■ Data below
::::::
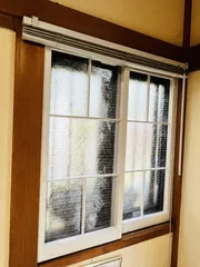 障子枠で二重窓 The和室─座布団どうぞ‼️.☆.。.:*・°.☆.。.:*みたいなのが嫌いで障子枠を洋風にしました。白く塗装して、枠のブロックを大きくなるようにノコギリでカットして、ガラス窓みたく! 和紙じゃなくて半透明のプラスチックを貼り付け冬場の寒さ軽減されることを期待出来そ
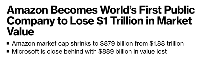 最近,美国电商巨头亚马逊的股价大幅暴跌,已成全球史上第一家市值损失超过一万亿美元的上市公司。
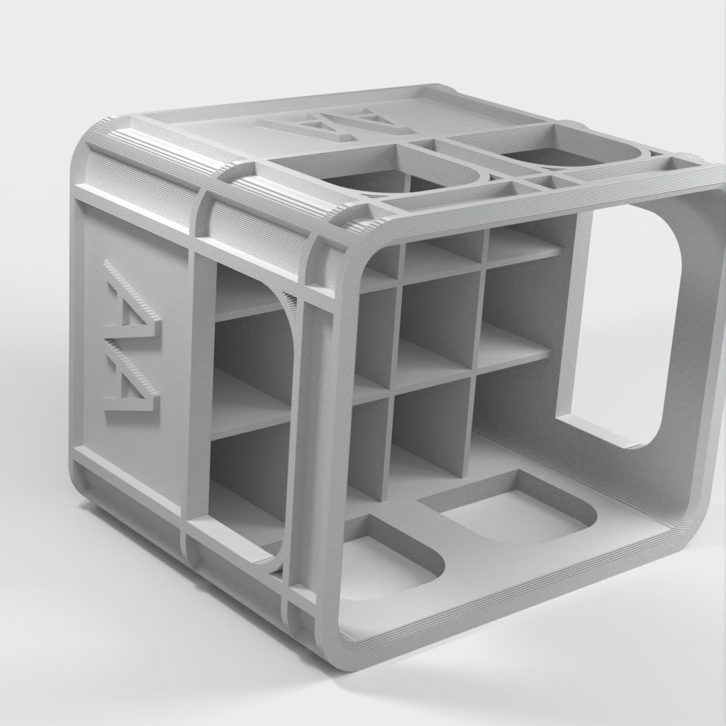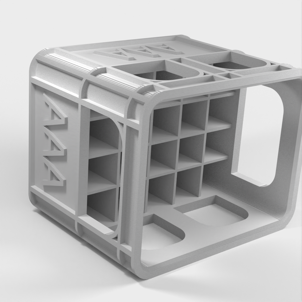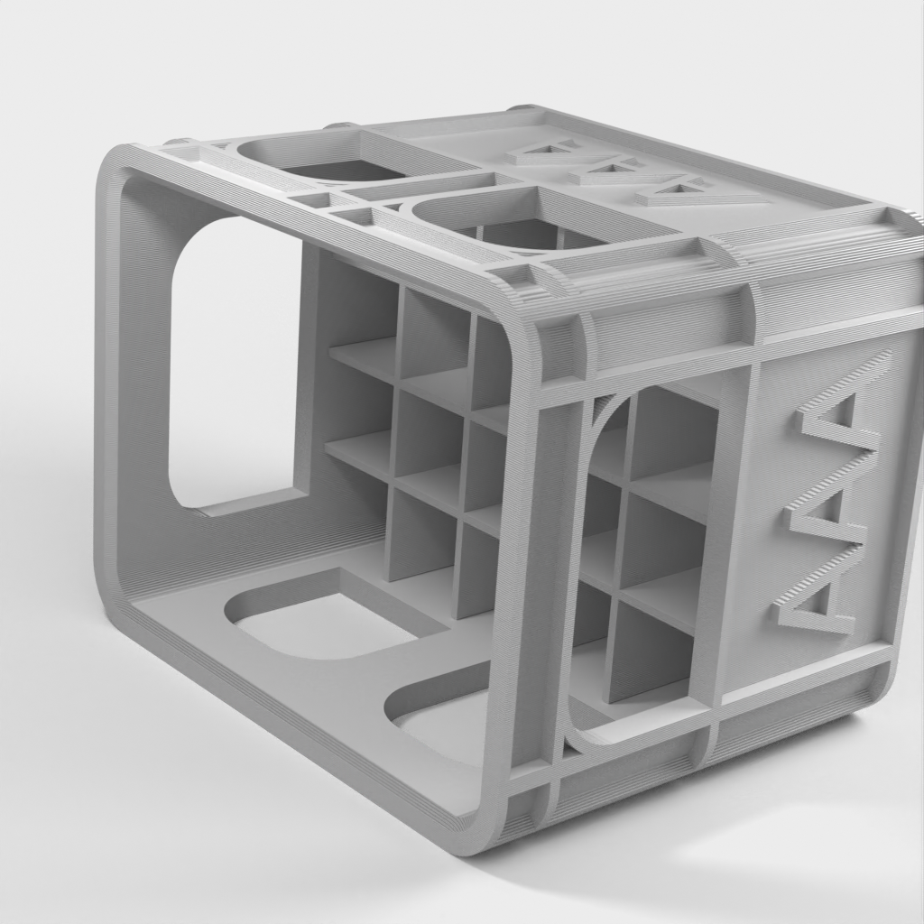 Detta är ett stapelbart batterifodral, speciellt utformat för att organisera dina batterier med större effektivitet. Den unika designen gör att dessa batterilådor kan staplas utan att det krävs någon extra bottenplatta. Denna modell är lätt att använda och håller effektivt dina batterier. Varje batterifodral är tillverkad av PLA-material som är tillräckligt tåligt för att hålla dina batterier säkra.
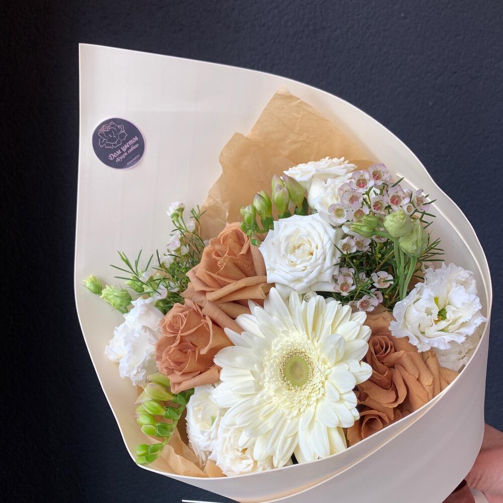 Гербера – 1 шт.Роза пионовидная – 3 шт.Лизиантус – 1 шт.Кустовая роза – 2 шт.Фрезия – 2 шт.Хамелациум – 2 шт.декоративная упаковка – 1 шт.Атласная лента – 1 шт.
::::::
■ The problem
The full listing, transcribed exactly and without its pictures, is the expected result.

■ Your solution
 障子枠で二重窓 The和室─座布団どうぞ‼️.☆.。.:*・°.☆.。.:*みたいなのが嫌いで障子枠を洋風にしました。白く塗装して、枠のブロックを大きくなるようにノコギリでカットして、ガラス窓みたく! 和紙じゃなくて半透明のプラスチックを貼り付け冬場の寒さ軽減されることを期待出来そ
 最近,美国电商巨头亚马逊的股价大幅暴跌,已成全球史上第一家市值损失超过一万亿美元的上市公司。
 Detta är ett stapelbart batterifodral, speciellt utformat för att organisera dina batterier med större effektivitet. Den unika designen gör att dessa batterilådor kan staplas utan att det krävs någon extra bottenplatta. Denna modell är lätt att använda och håller effektivt dina batterier. Varje batterifodral är tillverkad av PLA-material som är tillräckligt tåligt för att hålla dina batterier säkra.
 Гербера – 1 шт.Роза пионовидная – 3 шт.Лизиантус – 1 шт.Кустовая роза – 2 шт.Фрезия – 2 шт.Хамелациум – 2 шт.декоративная упаковка – 1 шт.Атласная лента – 1 шт.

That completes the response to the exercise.